Transcribe exactly, and without pictures, the lines from the one that contains "生活面を象徴する運勢です。外" through the last line of the material.

- DATA -

Content starts

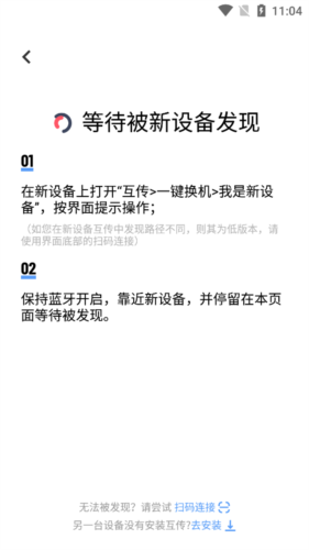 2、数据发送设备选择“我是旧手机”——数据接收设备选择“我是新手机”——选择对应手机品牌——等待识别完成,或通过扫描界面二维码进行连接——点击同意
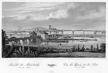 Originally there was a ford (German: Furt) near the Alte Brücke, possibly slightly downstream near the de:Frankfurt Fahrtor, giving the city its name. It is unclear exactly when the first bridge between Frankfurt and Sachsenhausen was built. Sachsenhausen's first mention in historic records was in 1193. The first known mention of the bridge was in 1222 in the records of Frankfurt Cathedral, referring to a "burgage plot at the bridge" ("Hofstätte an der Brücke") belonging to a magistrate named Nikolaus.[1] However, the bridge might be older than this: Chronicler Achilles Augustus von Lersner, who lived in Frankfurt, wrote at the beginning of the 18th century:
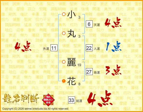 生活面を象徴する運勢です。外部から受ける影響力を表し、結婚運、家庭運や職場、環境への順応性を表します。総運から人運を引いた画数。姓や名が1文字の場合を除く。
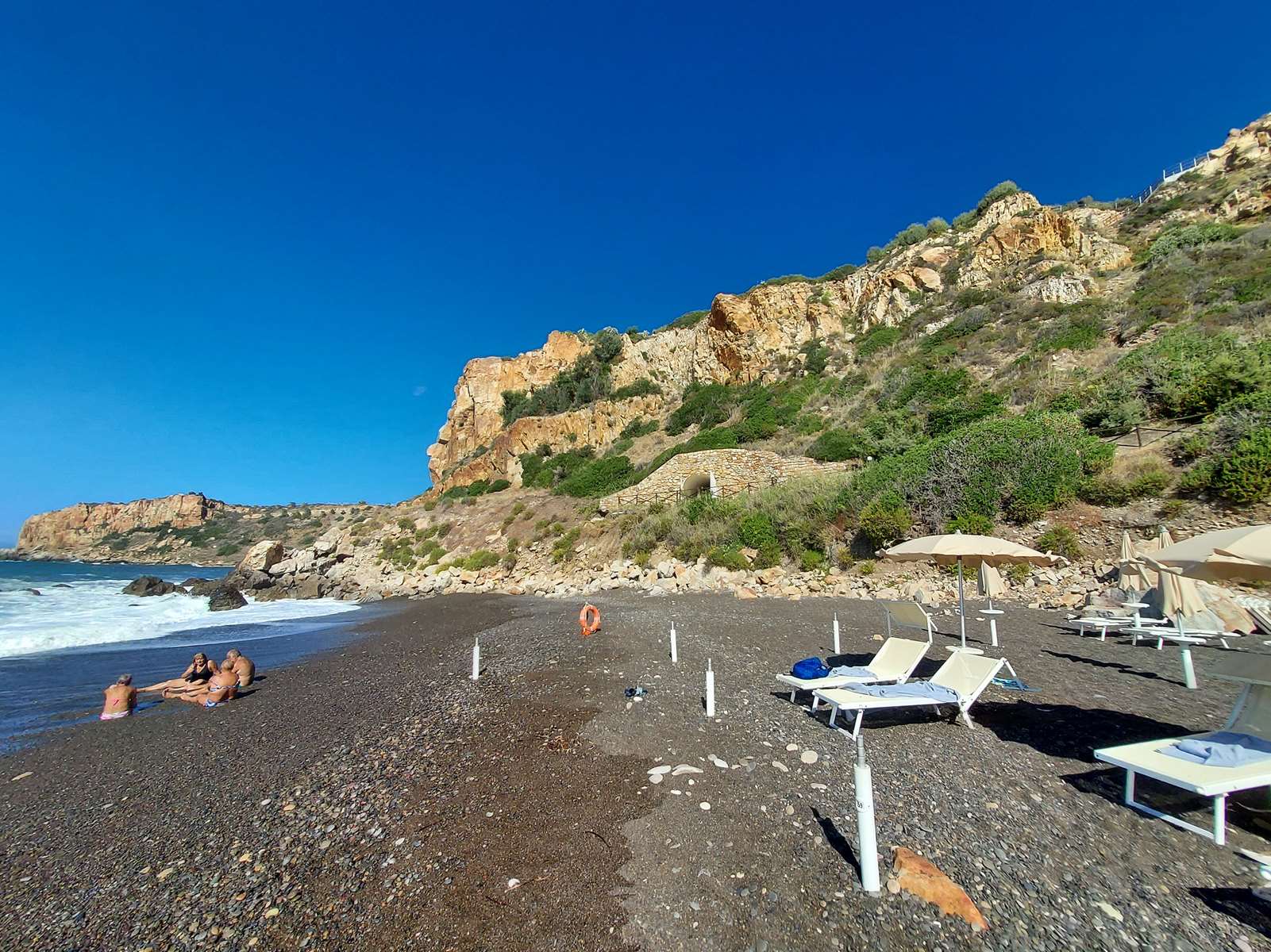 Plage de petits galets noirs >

Content ends

- THE COMPLETED TASK -
 生活面を象徴する運勢です。外部から受ける影響力を表し、結婚運、家庭運や職場、環境への順応性を表します。総運から人運を引いた画数。姓や名が1文字の場合を除く。
 Plage de petits galets noirs >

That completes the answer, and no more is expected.